Lettre C du Challenge ABC 2008

Quel classique plus renommé que l’Ingénieux Hidalgo Don Quichotte de la Manche, publié en Espagne en 1605, qui allait inventer le style dit « roman picaresque » et inspirer des dizaines d’écrivains à sa suite ?

Pour autant, ce n’est pas un roman facile à lire, avec ses nombreuses histoires imbriquées. Le héros n’est guère attachant non plus. Imaginez un gentilhomme vivant dans son village, la cinquantaine, « de forte complexion, sec de corps et maigre de visage », dont le cerveau a été sérieusement dérangé par la lecture assidue de romans de chevalerie. C’est décidé, il ressuscitera l’ordre éteint des chevaliers errants, l’allure suffisamment miteuse pour hériter du surnom de « Chevalier de la Triste Figure », la folie suffisamment contagieuse pour enrôler comme écuyer le brave Sancho Pança sur la vague promesse d’un royaume (ou, à la rigueur, d’une île). Personnage ridicule, ne suscitant que la pitié, il passe son temps à se faire battre par ses maladresses.

Il faut donc savoir que le temps que notre susdit gentilhomme était oisif (qui était la plupart de l’année), il s’adonnait à lire des livres de chevalerie avec tant d’affection et de goût qu’il oublia quasi entièrement l’exercice de la chasse et même l’administration de ses biens, et passa si avant sa curiosité et folie et cela qu’il vendit plusieurs minots de terre de froment pour acheter des livres de chevalerie, et ainsi en porta à la maison autant qu’il en put trouver ; mais, d’entre tous, pas un ne lui semblait si beau que ceux que composa le fameux Felician de Silva, parce que la clarté de leur prose et leurs raisons embrouillées étaient perles à ses yeux, et plus encore quand il venait à lire ces belles paroles d’amour et cartels de défi, là où en plusieurs endroits il trouvait écrit : La raison de la déraison qui se fait à ma raison de telle sorte affaiblit ma raison qu’avec raison je me plains de votre beauté ; et aussi quand il lisait : Les beaux cieux qui de votre divinité divinement vous fortifient avec les étoiles et vous rendent méritantedu mérite que mérite votre grandeur.
Avec ces belles raisons, le pauvre chevalier perdait le jugement, et se travaillait pour les entendre et en arracher le sens des entrailles, lequel n’eût pu tirer ni entendre Aristote même, s’il fût ressuscité à ce seul effet. [p. 68]

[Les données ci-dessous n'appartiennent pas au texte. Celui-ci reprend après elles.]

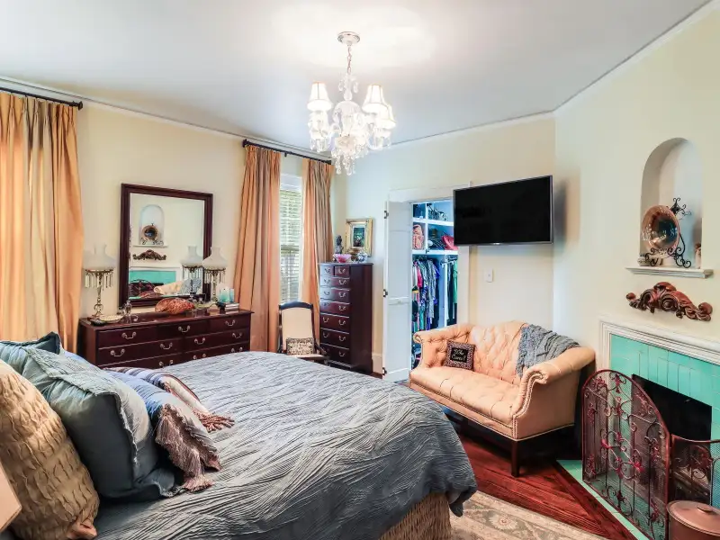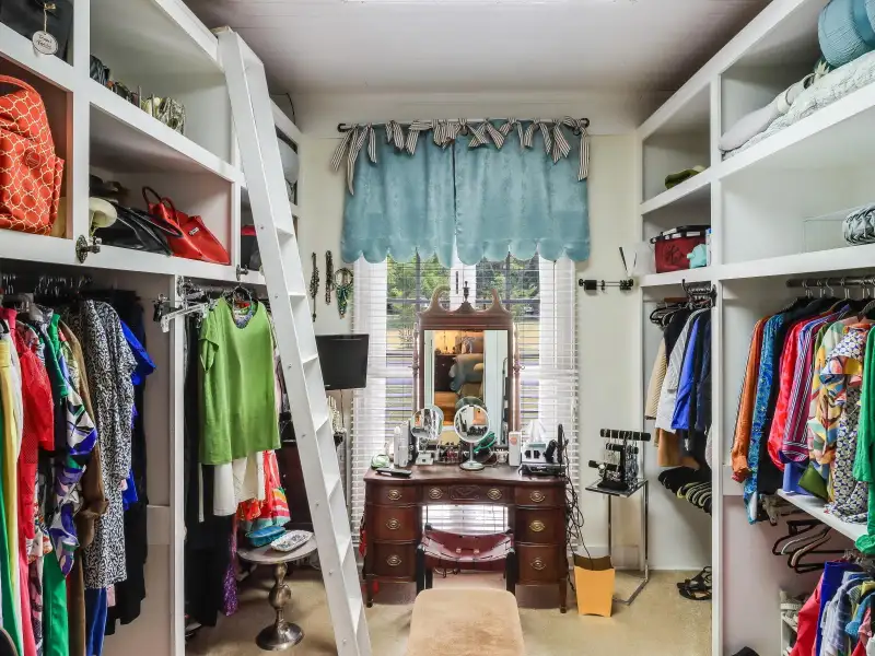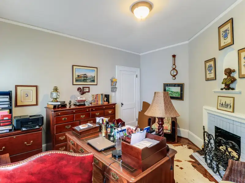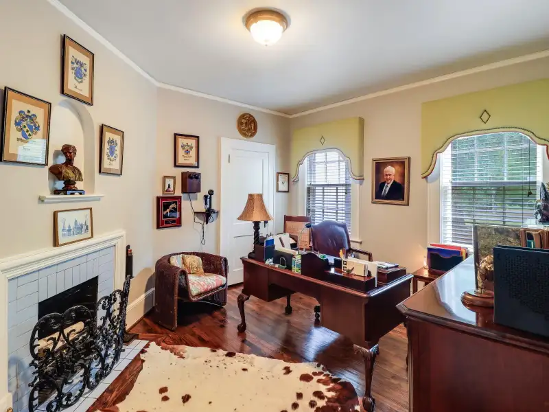 The split-bedroom layout offers privacy and practicality. The luxurious master suite is a true sanctuary with its own fireplace, an extraordinary walk-in closet (complete with a ladder for easy access), and a spa-like en-suite bathroom with a soaking tub and walk-in tiled shower. On the opposite side of the home, two generously sized bedrooms share a full bath with a tub/shower combo. A versatile fourth bedroom can serve as a den, media room, or cozy office, while the nearby laundry roomwith sink and storageadds everyday convenience.

Les passages dont on parle à chaque fois, à savoir l’attaque des moulins à vent pris pour des géants et le combat entre deux armées dans lequel se jette Don Quichotte, qui n’est que le croisement de deux troupeaux de brebis, se trouvent dans les cent premières pages. De là à dire que la plupart des gens qui en parlent avec componction ne sont en fait pas allés au-delà dans leur lecture, il n’y a qu’un pas, que je ne franchirai pas, non, ce n’est pas mon genre… Tiens, ça me rappelle Proust, dont la célèbre pâtisserie figure dans les dix premières pages et n’est qu’anecdotique au vu de la richesse des thèmes abordés par la suite.

Un humour bouffon baigne le récit, avec par exemple les allusions récurrentes à Dulcinée du Toboso, la dame de coeur que s’est choisie Don Quichotte d’après de vague souvenirs, et dont toutes les grâces semblent relever uniquement de son imagination détraquée. Sous le prétexte d’une légitime inquiétude du curé du village, voulant guérir le héros de sa folie en brûlant tous ses livres, Cervantès se livre à une critique féroce de la littérature de son époque. Le roman pastoral trouve encore grâce à ses yeux : les histoires sentimentales entre quelques jeunes couples rencontrés en chemin s’y rattachent, et Cervantès a fait sa première incursion en littérature avec la Galathée.

Difficile à résumer, le roman enchaîne les mésaventures de Don Quichotte, juché sur son cheval Rossinante, et de Sancho Pança, entrecoupées d’histoires indépendantes, telles « Le curieux impertinent ». Un peu long, lourd par moments, on peut le lire pour l’imagination débridée de l’auteur, qui nous laisse parfois en chemin…

Miguel de Cervantès, Don Quichotte, Editions Gallimard,
Folio, 1988, tome 1 : 614 pages, tome 2 : 601 pages.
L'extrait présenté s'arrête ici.